Además de los textos citados, que tienen como telón de fondo la correspondencia secreta con su madre tras su fallecimiento, la comunicación con los muertos, que ella atribuía a sus orígenes gallegos, es uno de los motivos recurrente en su obra, no suficientemente explorado. Menciono varios ejemplos: el diálogo con Luis Martín-Santos, el primer amigo fallecido de su grupo literario (el domingo 19 de enero de 1964, víspera de su fatídico viaje de vuelta a San Sebastián, Martín-Santos estuvo en Doctor Esquerdo, visitando al matrimonio: su trágica desaparición, ocurrida dos días más tarde, a consecuencia de un accidente de automóvil, conmocionó vivamente a Carmen: «Es tu muerte la que te vuelve mi interlocutor»,49 escribe en unos hermosos fragmentos del cuaderno 3, donde medita sobre el perturbador sentido del azar); sus artículos destinados a amigos desaparecidos —presididos más por la responsabilidad de legar su memoria que por el ditirambo— en La búsqueda de interlocutor (Ignacio Aldecoa, Gustavo Fabra y Mayra O’Wisiedo), en la sección íntegra «Gente que se fue» de Agua pasada (Cuco Cerecedo, María Antonia Dans, José Antonio Llardent, Diego Lara, Mercè Rodoreda y Daniel Sueiro), o en la lúcida necrológica dedicada a Jesús Fernández Santos que recogí en Tirando del hilo;50 más las escalofriantes conversaciones con Marta tras su muerte referidas en algunos de sus cuadernos inéditos; e incluso el lazo de fidelidad con quien empezó a llamar familiarmente «mi muerto» preside y acompaña la redacción de su biografía sobre Macanaz. Igualmente he podido localizar en su archivo esta fugaz anotación, arrancada de un «cuadernito blue», titulada «Los muertos», y que incluí en la segunda edición ampliada de sus Cuadernos de todo, sin fecha, pero probablemente de la década de 1990, después de la desaparición más fatídica de su vida, la de su hija, y que demuestra su avezada relación con los difuntos:
Desde la más remota antigüedad, el trato de los vivos con los muertos ha sido tirante, suspicaz, morboso o fanático, y casi siempre garrafalmente equivocado. Es un negocio delicado, desde luego, y sus principales escollos arraigan en un vicio de origen: el de que, olvidándonos de la naturaleza diametralmente distinta de las partes implicadas en el trato, tendemos a establecer este miméticamente mediante los patrones —ya también muchas veces erróneos— de las únicas relaciones acerca de las cuales creemos saber algo; me refiero a las que se dan entre los vivos. [...] A los muertos hay que dejarlos irse. Solamente así vuelven a veces, cuando ya no se sienten estrangulados por las garras ávidas que intentaban trabar la libertad de su vuelo hacia esa otra ladera de la que nadie ha vuelto para contarnos nada.51
Sus amigas Reme Casamar y Olga Fadón me confesaron, con una mezcla de perplejidad y pavor, que Carmiña veía a su madre y a su hija como si estuvieran vivas.52 En una carta a Juan Gil-Albert, del 18 de marzo de 1977, le confiesa sin embozo: «Tengo un ramalazo de bruja, todos mis amigos lo saben».53 Su fe era una creencia fetichista en lo sobrenatural, en la protección de los muertos sobre los vivos más que un credo religioso convencional. Solía recordar un dicho que ella atribuía a su padre, «Los que dan consejos ciertos a los vivos son los muertos»,54 y que después descubrió grabado en los muros de la iglesia salmantina de San Julián y Santa Basilisa.

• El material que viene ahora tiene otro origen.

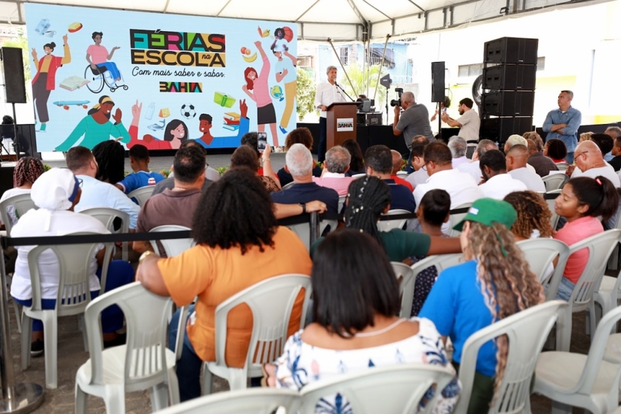 O projeto Férias na Escola com mais sabor e saber foi lançado, nesta quarta-feira (10), pelo governador Jerônimo Rodrigues (PT), no Colégio Estadual de Tempo Integral Professora Noêmia Rego, no bairro de Valéria, em Salvador. A iniciativa oferece oficinas e outras atividades a 131 mil estudantes da rede estadual de ensino, em cerca de 500 escolas pela Bahia.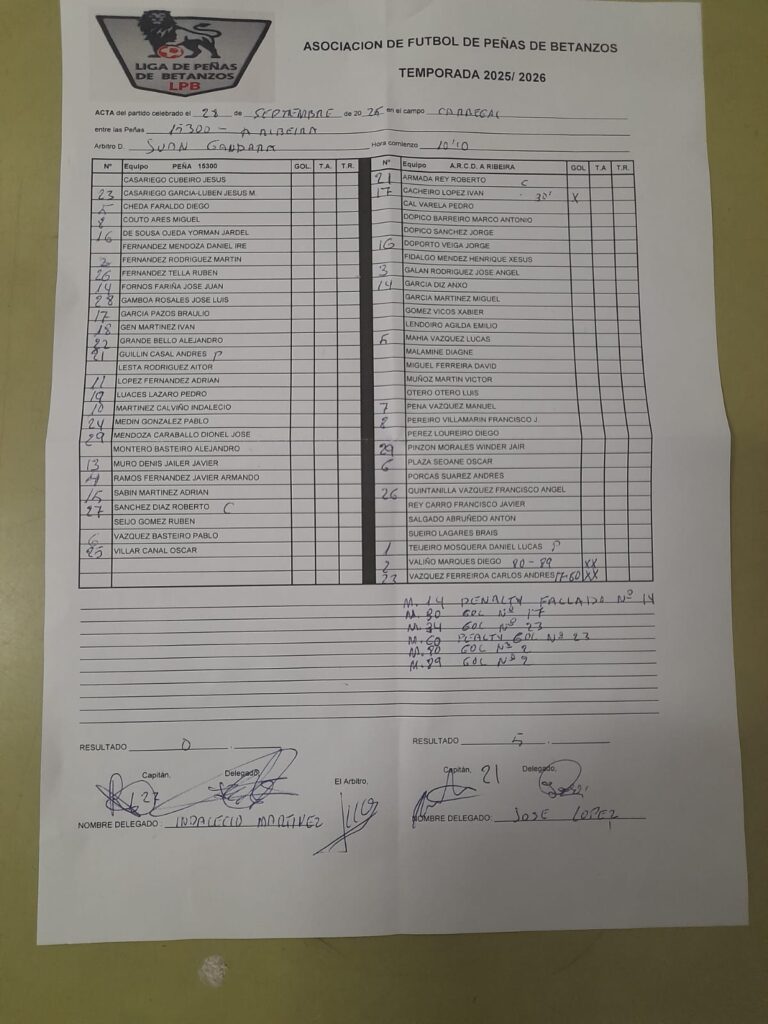 28 de septiembre de 2025 10:00 Liga de Peñas de Betanzos 2025-2026

José Martín López (1886-1978), natural de Valladolid, era hijo de Gumersindo Martín Ceruelo, comerciante, de origen modesto y procedente de Medina de Rioseco, y de María de los Dolores López Peredo, de familia acomodada de Santander. El abuelo Gumersindo, que murió cuando las hermanas Martín Gaite aún eran muy pequeñas (el 25 de febrero de 1929), fue ante todo un hombre innovador en sus negocios relacionados con el comercio textil. Vio que este sector en la España de la Restauración estaba muy enquistado en el pasado y, como tenía auténtica fijación por Francia, importó nuevos tejidos y diseños, que fueron después fabricados por la industria catalana de principios del siglo XX. Su francofilia se extendió también a lo cultural, porque envió a sus dos hijos, César y José, a completar estudios en París, muy en consonancia con los parámetros de la juventud profesional e intelectual novecentista.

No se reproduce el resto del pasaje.